I could argue with someone for hours about the importance of Robocop to the attitudes and functioning of our society, but all the arguments that someone could offer me would never change my opinion that Robocop is a goddamned amazing film.
There are so many elements of it that are just fucking perfect - everything from the sound design to the costumes is more perfect than it has any right to be. The actors are wonderful, the script is great, the music is SO FUCKING RAD, it's got great effects, a fantastic story, and is blackly, wonderfully, funny.

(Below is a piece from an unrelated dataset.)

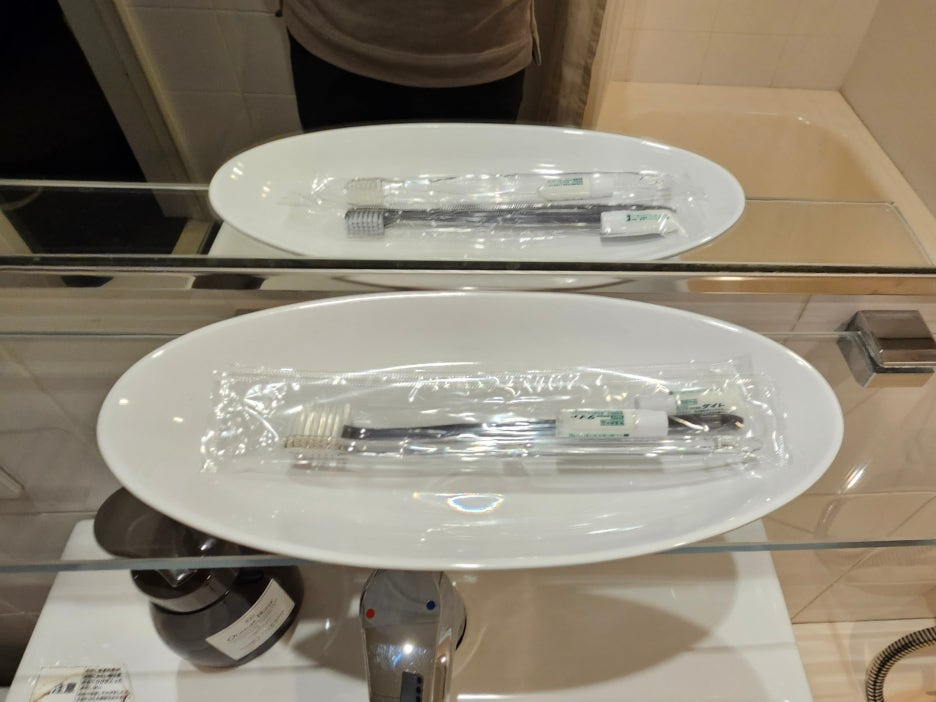 칫솔과 치약도 준비되어 있다. 따로 어메니티 공간에서 가져올 필요는 없었다.

I cackle my way through every viewing of this film, so I guess the satire isn't as subtle as it could be, and am continually floored by the level of detail it reveals about Alex Murphy's Detroit and the very scary place the world has become. Everything from the background screens in the OCP conference rooms and the set design of Sal's drug factory show tiny hints at the way things have changed and the problems the people in the story are facing. It's a dystopia that's built on tiny, vital, changes in the way the world works and, shockingly, it's still too optimistic - in a lot of ways Murphy's Detroit is better than our Detroit and it keeps looking more appealing as time keeps passing. I've got ten examples (everything from gender and race relations to the viability of space travel and approximate fuel prices) that suggest Paul Verhoeven's nightmare might be our dream, but I don't think I have the time to really dig into them.
In fact I don't think that I can talk about Robocop without talking about it for hours so I suppose I'll just have to cut myself short and say, hell yes, I'd buy that for a dollar.